* _Data section_

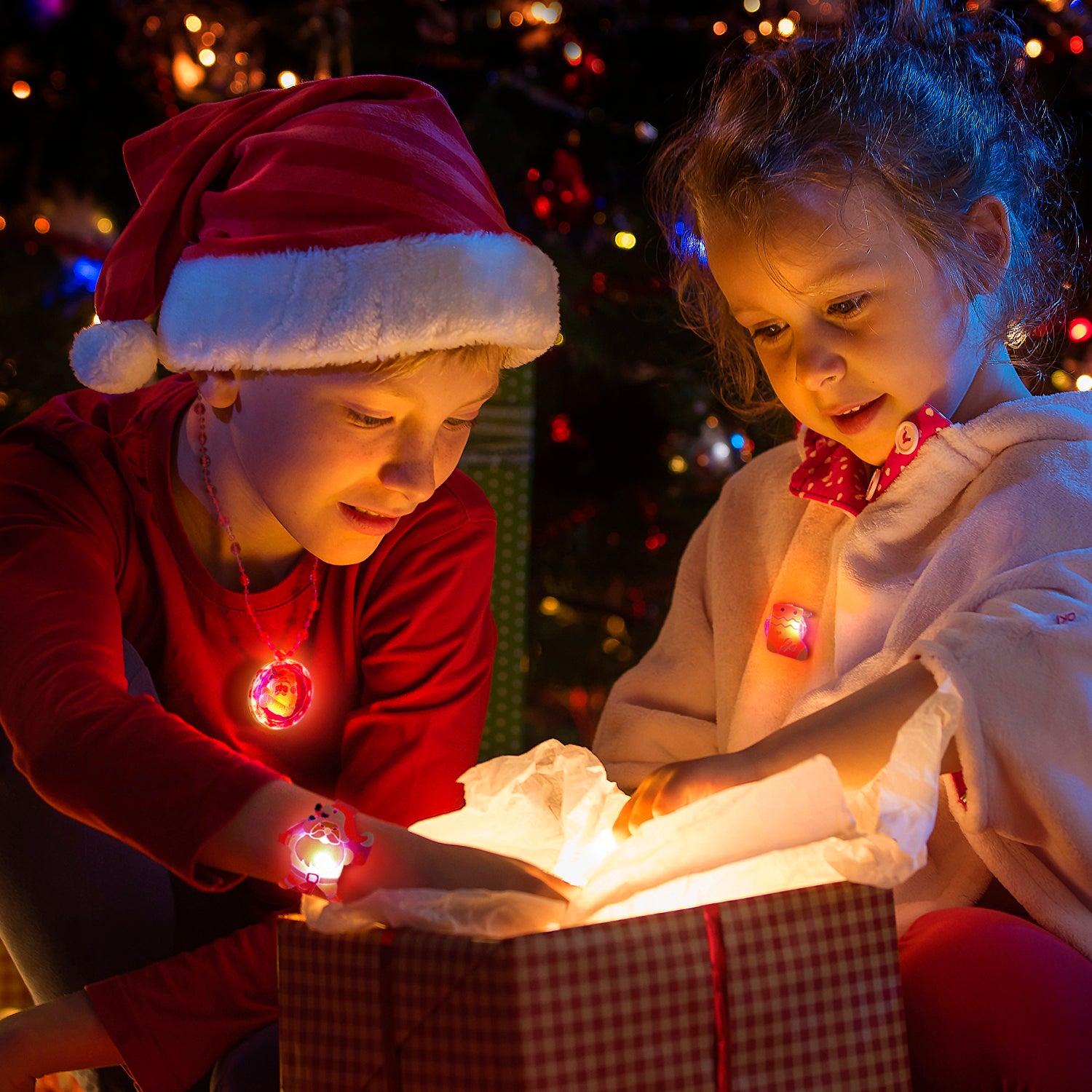 - ✅ VALUE CHRISTMAS PRIZE BOX: Our Christmas party favors for kids includes 6 kinds of assortment toys (55 pcs): Christmas theme bracelet with light, Christmas necklace with light, Christmas theme pins with light, Christmas theme rings with light, optical fibers Christmas tree and Christmas theme stickers.
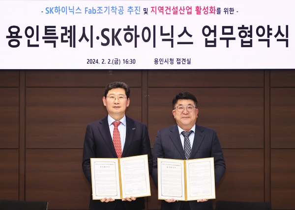 [광성일보] 용인특례시(시장 이상일)는 2일 시청에서 SK하이닉스(사장 김동섭)와 생산라인(팹, Fab) 조기 착공 추진과 지역건설산업 활성화를 위한 업무협약을 체결했다.SK하이닉스와 관련 소재·부품·장비 기업들이 글로벌 반도체 패권 경쟁에 능동적으로 대응할 수 있도록 팹 가동 시기를 최대한 앞당기기 위해서다.SK하이닉스가 120조원을 투자해 처인구 원삼면 일대에 조성 중인 용인 반도체 클러스터에는 팹 4곳과 50여개의 기업이 입주할 예정이다. 핵심 시설인 1번 팹을 2027년 상반기 가동한다는 계획에 따라 올해 건축허가를 마쳐 내년 상반기에 팹 착공을 추진할 방침이다.
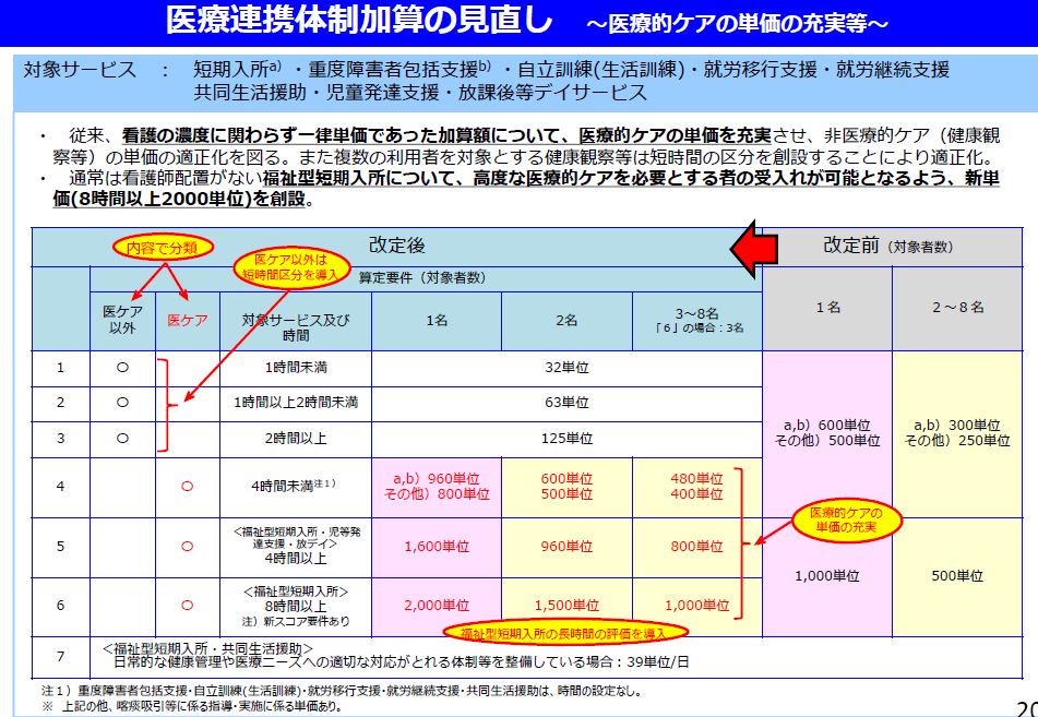 医療連携体制加算については、医療機関等との連携により、当該医療機関等から看護職員を訪問させ、利用者に看護を提供した場合や認定特定行為業務従事者に対し喀痰吸引等に係る指導を行った場合に算定できるものだが、算定要件や報酬単価について必要な見直しを行う。
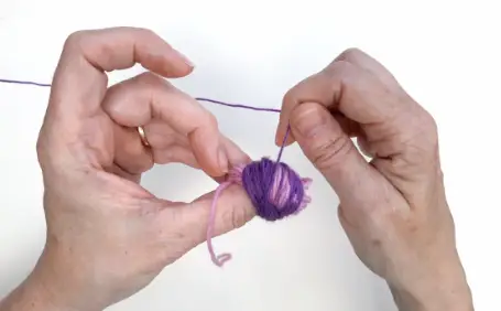 6 Take hold of the yarn around your thumb and pull it forward and off your thumb.

* _What needs to be done_
Only the lines from the top of the material above down to the line bearing "医療連携体制加算については、", that line included, should be set down exactly; no pictures.

* _Reply_
 - ✅ VALUE CHRISTMAS PRIZE BOX: Our Christmas party favors for kids includes 6 kinds of assortment toys (55 pcs): Christmas theme bracelet with light, Christmas necklace with light, Christmas theme pins with light, Christmas theme rings with light, optical fibers Christmas tree and Christmas theme stickers.
 [광성일보] 용인특례시(시장 이상일)는 2일 시청에서 SK하이닉스(사장 김동섭)와 생산라인(팹, Fab) 조기 착공 추진과 지역건설산업 활성화를 위한 업무협약을 체결했다.SK하이닉스와 관련 소재·부품·장비 기업들이 글로벌 반도체 패권 경쟁에 능동적으로 대응할 수 있도록 팹 가동 시기를 최대한 앞당기기 위해서다.SK하이닉스가 120조원을 투자해 처인구 원삼면 일대에 조성 중인 용인 반도체 클러스터에는 팹 4곳과 50여개의 기업이 입주할 예정이다. 핵심 시설인 1번 팹을 2027년 상반기 가동한다는 계획에 따라 올해 건축허가를 마쳐 내년 상반기에 팹 착공을 추진할 방침이다.
 医療連携体制加算については、医療機関等との連携により、当該医療機関等から看護職員を訪問させ、利用者に看護を提供した場合や認定特定行為業務従事者に対し喀痰吸引等に係る指導を行った場合に算定できるものだが、算定要件や報酬単価について必要な見直しを行う。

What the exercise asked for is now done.